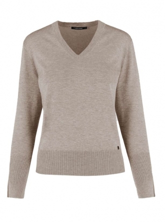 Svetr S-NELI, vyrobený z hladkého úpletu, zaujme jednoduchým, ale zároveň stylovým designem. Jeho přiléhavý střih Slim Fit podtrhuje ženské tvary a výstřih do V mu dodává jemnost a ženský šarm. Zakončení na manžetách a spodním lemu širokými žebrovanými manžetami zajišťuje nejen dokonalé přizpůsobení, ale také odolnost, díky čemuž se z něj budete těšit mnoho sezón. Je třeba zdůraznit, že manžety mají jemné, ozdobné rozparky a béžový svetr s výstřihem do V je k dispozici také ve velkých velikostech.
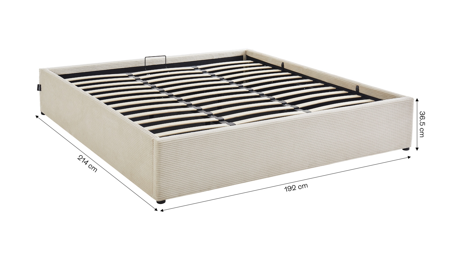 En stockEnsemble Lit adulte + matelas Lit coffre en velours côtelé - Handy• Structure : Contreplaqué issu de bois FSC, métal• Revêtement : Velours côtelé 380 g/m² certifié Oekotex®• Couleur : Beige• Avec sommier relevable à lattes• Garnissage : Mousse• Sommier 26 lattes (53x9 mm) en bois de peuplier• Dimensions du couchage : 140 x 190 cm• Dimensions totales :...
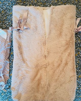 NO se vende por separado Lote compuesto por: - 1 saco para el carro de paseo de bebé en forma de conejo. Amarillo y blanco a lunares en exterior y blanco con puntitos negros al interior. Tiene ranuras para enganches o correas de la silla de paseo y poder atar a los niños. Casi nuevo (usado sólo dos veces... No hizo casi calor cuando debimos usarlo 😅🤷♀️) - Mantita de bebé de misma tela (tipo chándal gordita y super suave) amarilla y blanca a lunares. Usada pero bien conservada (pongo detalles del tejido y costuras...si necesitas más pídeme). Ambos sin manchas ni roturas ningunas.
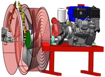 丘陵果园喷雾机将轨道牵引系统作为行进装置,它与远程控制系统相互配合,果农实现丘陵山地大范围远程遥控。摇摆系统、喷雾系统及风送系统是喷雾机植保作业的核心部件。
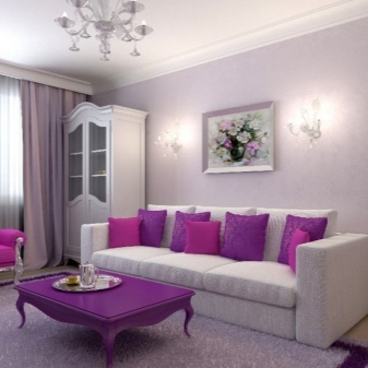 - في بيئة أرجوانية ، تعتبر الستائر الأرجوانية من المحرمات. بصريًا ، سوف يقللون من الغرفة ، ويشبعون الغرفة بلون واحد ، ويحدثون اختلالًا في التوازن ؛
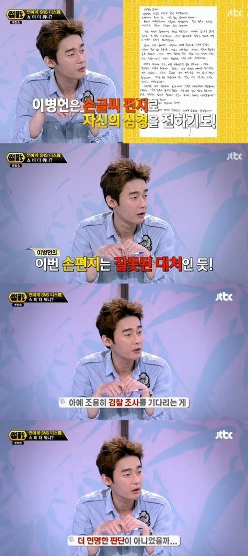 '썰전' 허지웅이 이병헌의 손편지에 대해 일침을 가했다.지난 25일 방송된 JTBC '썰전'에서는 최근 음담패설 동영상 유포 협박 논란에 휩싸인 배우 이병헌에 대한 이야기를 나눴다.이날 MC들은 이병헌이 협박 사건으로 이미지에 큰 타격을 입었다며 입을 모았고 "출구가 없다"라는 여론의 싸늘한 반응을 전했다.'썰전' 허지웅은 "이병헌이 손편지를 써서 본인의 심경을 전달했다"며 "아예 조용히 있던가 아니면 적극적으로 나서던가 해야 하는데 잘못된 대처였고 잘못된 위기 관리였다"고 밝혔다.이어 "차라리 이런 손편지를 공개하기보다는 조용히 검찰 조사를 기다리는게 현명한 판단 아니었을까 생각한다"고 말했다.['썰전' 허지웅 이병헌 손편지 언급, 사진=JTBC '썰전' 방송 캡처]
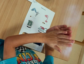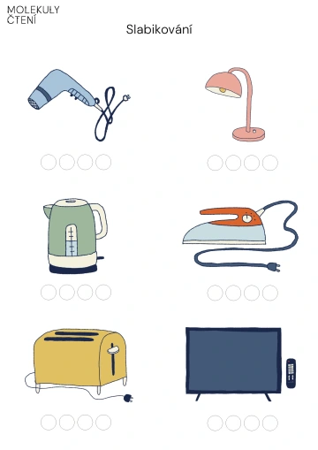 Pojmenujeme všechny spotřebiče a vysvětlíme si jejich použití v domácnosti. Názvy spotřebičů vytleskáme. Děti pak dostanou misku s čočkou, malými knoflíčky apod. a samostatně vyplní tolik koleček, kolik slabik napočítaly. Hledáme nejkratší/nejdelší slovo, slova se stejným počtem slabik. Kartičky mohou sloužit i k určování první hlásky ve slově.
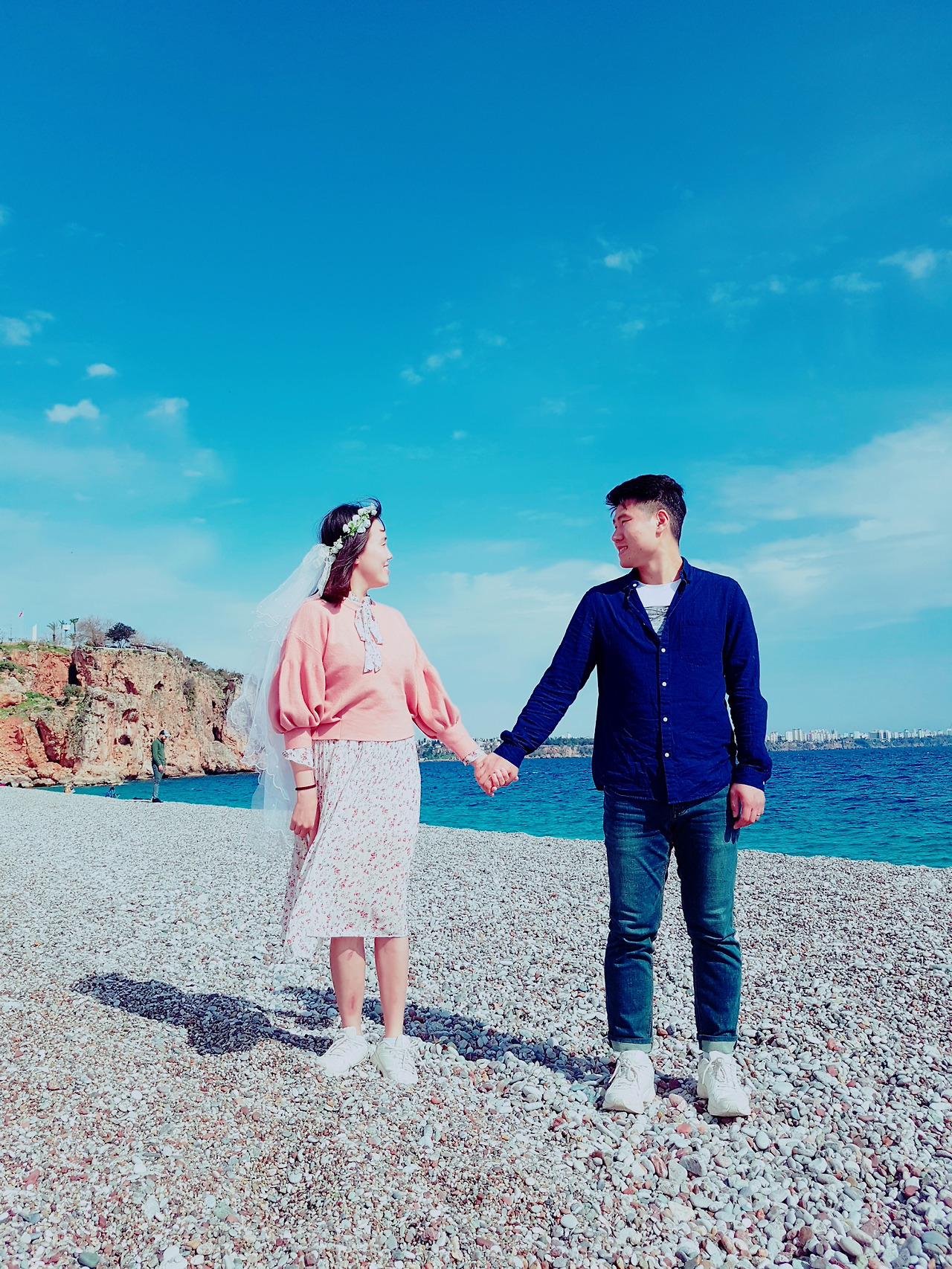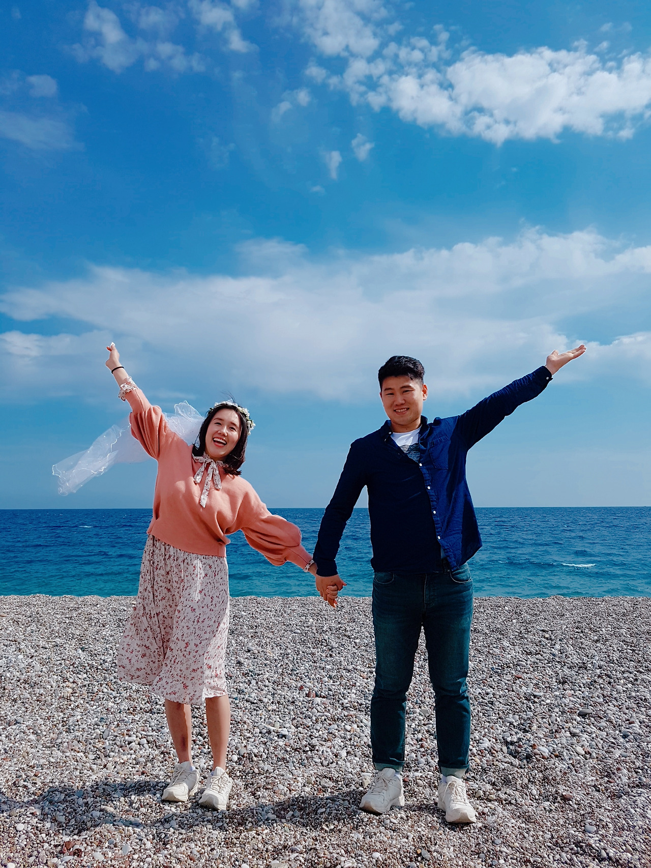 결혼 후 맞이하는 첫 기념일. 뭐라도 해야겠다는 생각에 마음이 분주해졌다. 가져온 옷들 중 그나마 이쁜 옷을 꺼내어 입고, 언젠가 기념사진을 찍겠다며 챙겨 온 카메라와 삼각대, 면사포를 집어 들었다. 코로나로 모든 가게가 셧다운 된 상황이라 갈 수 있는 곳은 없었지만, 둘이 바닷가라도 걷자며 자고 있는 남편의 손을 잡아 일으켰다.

---

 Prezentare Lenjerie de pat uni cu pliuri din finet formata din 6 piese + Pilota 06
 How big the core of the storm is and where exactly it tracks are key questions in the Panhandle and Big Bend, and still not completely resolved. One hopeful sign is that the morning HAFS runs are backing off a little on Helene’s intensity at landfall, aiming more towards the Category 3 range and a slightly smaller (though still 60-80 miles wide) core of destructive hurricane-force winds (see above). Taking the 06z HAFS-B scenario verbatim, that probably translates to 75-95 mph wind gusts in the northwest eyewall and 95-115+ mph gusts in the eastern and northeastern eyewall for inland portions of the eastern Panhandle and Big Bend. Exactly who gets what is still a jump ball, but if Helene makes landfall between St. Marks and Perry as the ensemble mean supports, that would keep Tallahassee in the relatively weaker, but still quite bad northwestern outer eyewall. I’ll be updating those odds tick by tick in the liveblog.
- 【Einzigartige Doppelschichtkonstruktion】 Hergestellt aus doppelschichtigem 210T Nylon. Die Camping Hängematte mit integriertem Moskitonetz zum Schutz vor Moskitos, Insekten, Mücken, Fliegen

▸ **What the task asks**:
Would you print exactly the lines in the listing above, from the line bearing "NO se vende" through the line bearing "丘陵果园喷雾机将轨道牵引系统", leaving out all pictures?

▸ **Response**:
 NO se vende por separado Lote compuesto por: - 1 saco para el carro de paseo de bebé en forma de conejo. Amarillo y blanco a lunares en exterior y blanco con puntitos negros al interior. Tiene ranuras para enganches o correas de la silla de paseo y poder atar a los niños. Casi nuevo (usado sólo dos veces... No hizo casi calor cuando debimos usarlo 😅🤷♀️) - Mantita de bebé de misma tela (tipo chándal gordita y super suave) amarilla y blanca a lunares. Usada pero bien conservada (pongo detalles del tejido y costuras...si necesitas más pídeme). Ambos sin manchas ni roturas ningunas.
 丘陵果园喷雾机将轨道牵引系统作为行进装置,它与远程控制系统相互配合,果农实现丘陵山地大范围远程遥控。摇摆系统、喷雾系统及风送系统是喷雾机植保作业的核心部件。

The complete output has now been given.